--- START ---
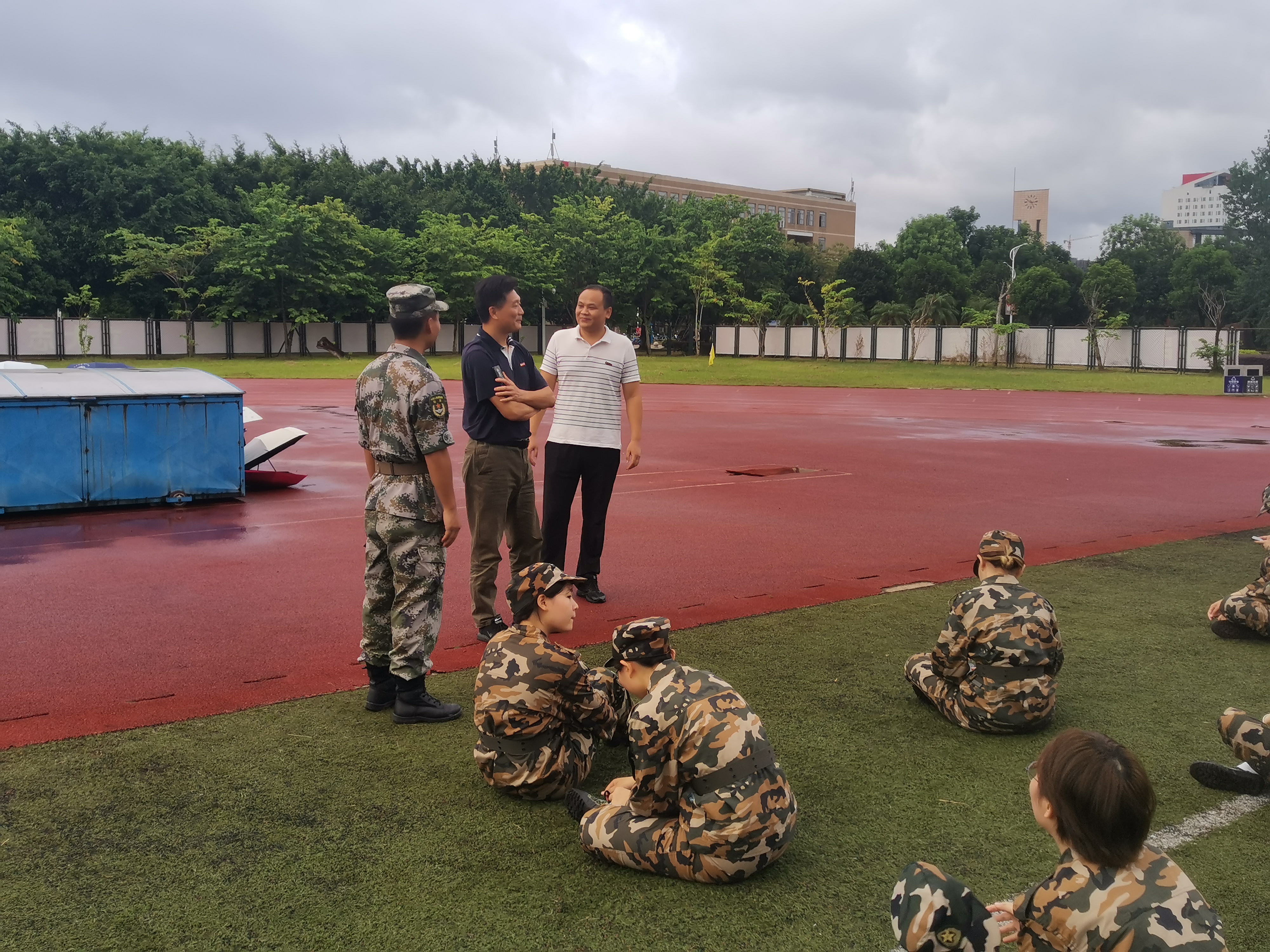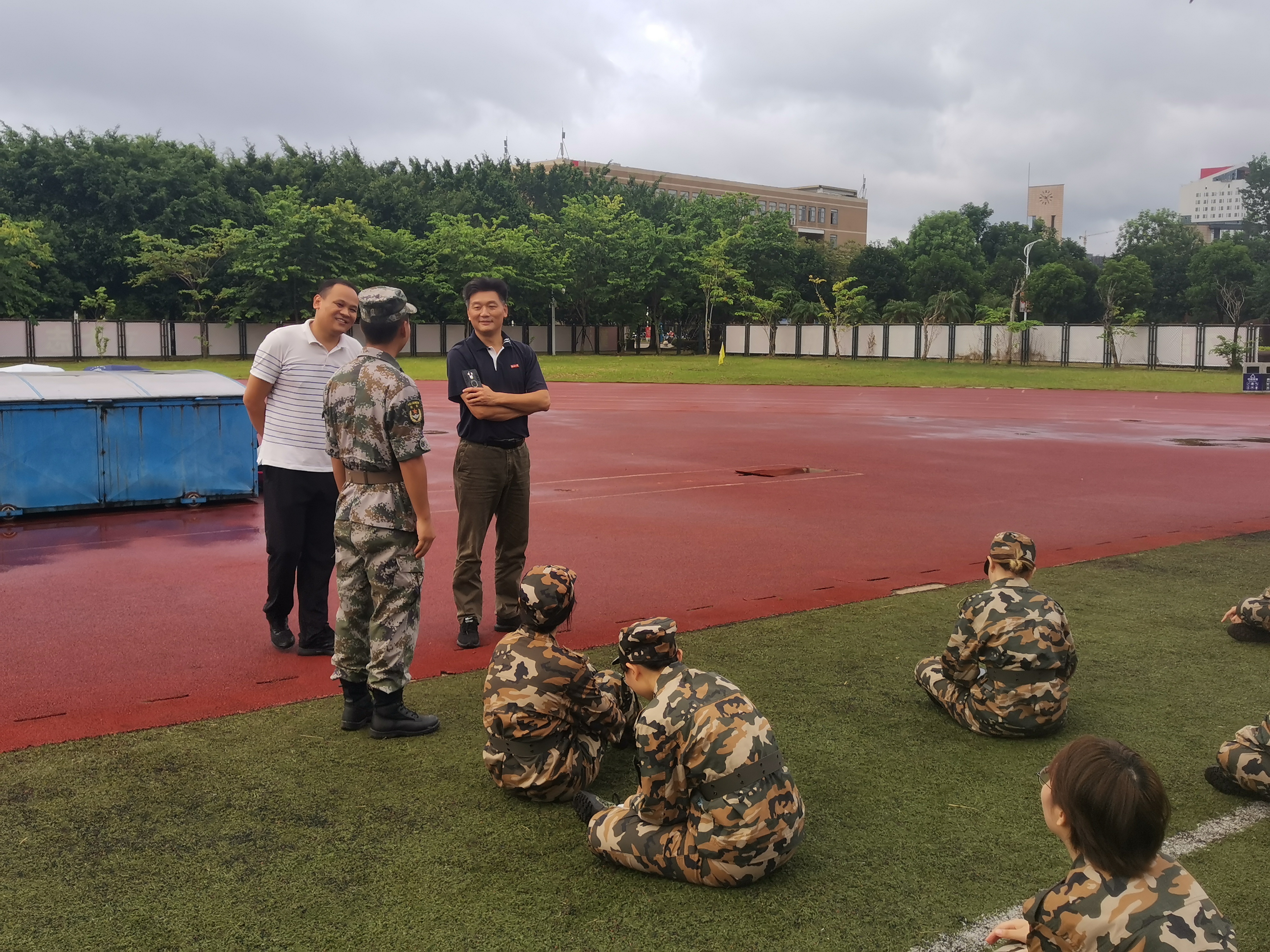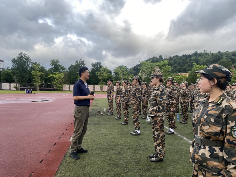 王群书记首先询问了同学们近日军训的情况和身体状况,了解同学们对于大学生军训的认识。近日恰逢雨季,王群书记对军训场地、同学们的着装等问题的进行询问,了解同学们的想法。他提到,军训在强身健体的同时也有助于发扬青年学生的精神面貌,希望同学们珍惜军训的宝贵时间,在军训中学会团结共进,发扬好爱国主义精神,磨砺好自己的意志。最后,王群书记对同学们表示关心和慰问,希望同学们与自己的教官加强沟通,向教官们学习。此外,王群书记就军训情况同新生教官进行交流。同学们表示,军训作为大学生活中不可或缺的一个环节,更应投入训练、发扬青春光彩。
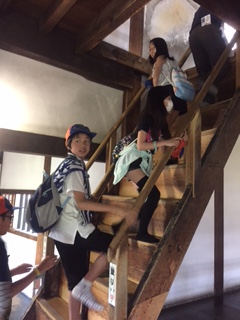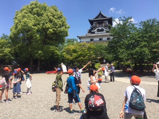 事前に調べていた城の仕組みなどに関心を持ち、見学していました。
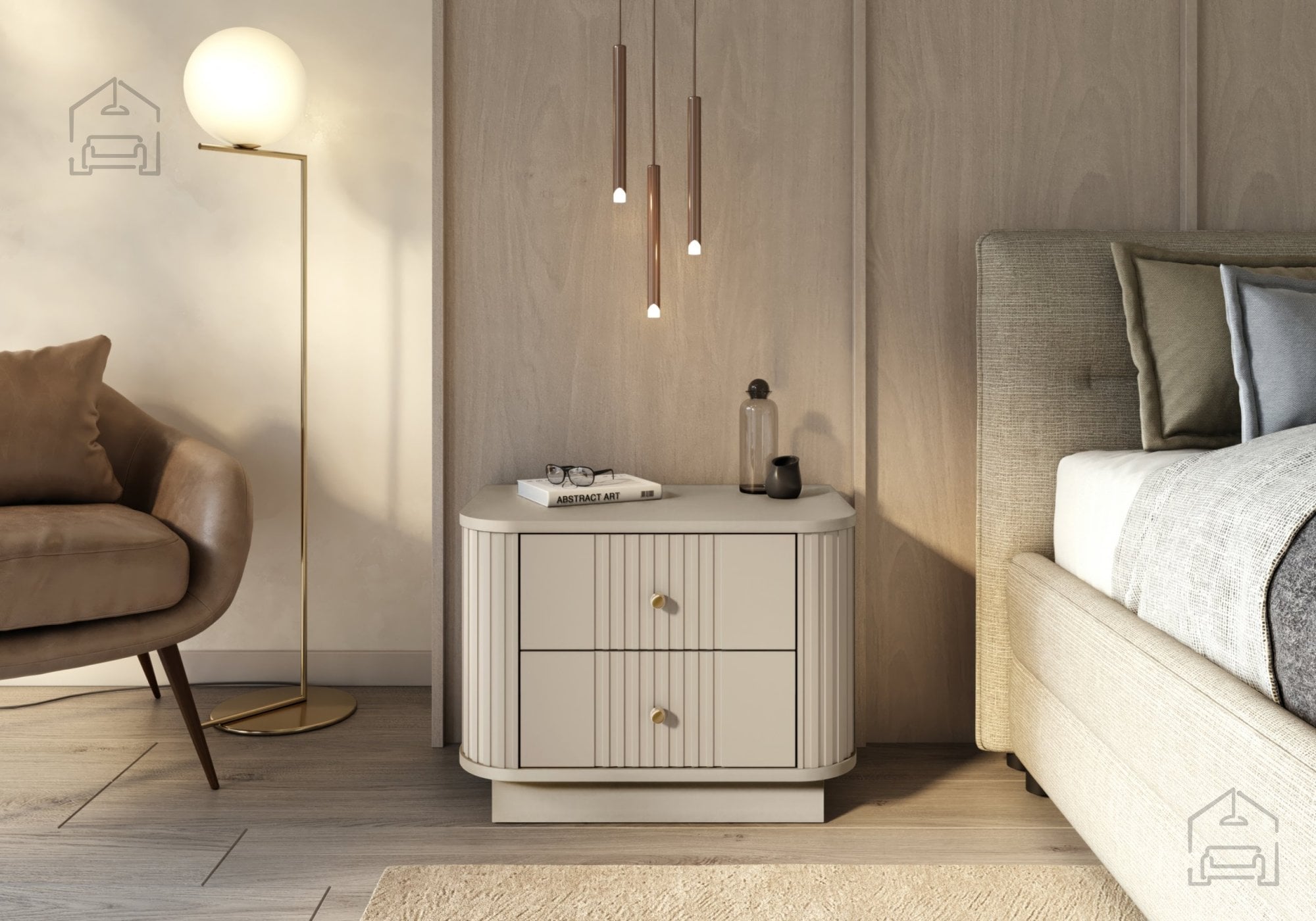 Ta komplet je odlična izbira za vse, ki iščejo ravnotežje med estetiko in praktičnostjo. Zaradi univerzalne barve in brezčasne oblike se lepo dopolnjuje z različnimi posteljami in dekorjem. Primeren je tako za moderne stanovanjske interierje kot tudi za klasične spalnice, kjer prevladujejo mehki toni in naravni materiali.
--- END ---
Assigned task>
Write out all the material verbatim, images excluded.

Your solution>
 王群书记首先询问了同学们近日军训的情况和身体状况,了解同学们对于大学生军训的认识。近日恰逢雨季,王群书记对军训场地、同学们的着装等问题的进行询问,了解同学们的想法。他提到,军训在强身健体的同时也有助于发扬青年学生的精神面貌,希望同学们珍惜军训的宝贵时间,在军训中学会团结共进,发扬好爱国主义精神,磨砺好自己的意志。最后,王群书记对同学们表示关心和慰问,希望同学们与自己的教官加强沟通,向教官们学习。此外,王群书记就军训情况同新生教官进行交流。同学们表示,军训作为大学生活中不可或缺的一个环节,更应投入训练、发扬青春光彩。
 事前に調べていた城の仕組みなどに関心を持ち、見学していました。
 Ta komplet je odlična izbira za vse, ki iščejo ravnotežje med estetiko in praktičnostjo. Zaradi univerzalne barve in brezčasne oblike se lepo dopolnjuje z različnimi posteljami in dekorjem. Primeren je tako za moderne stanovanjske interierje kot tudi za klasične spalnice, kjer prevladujejo mehki toni in naravni materiali.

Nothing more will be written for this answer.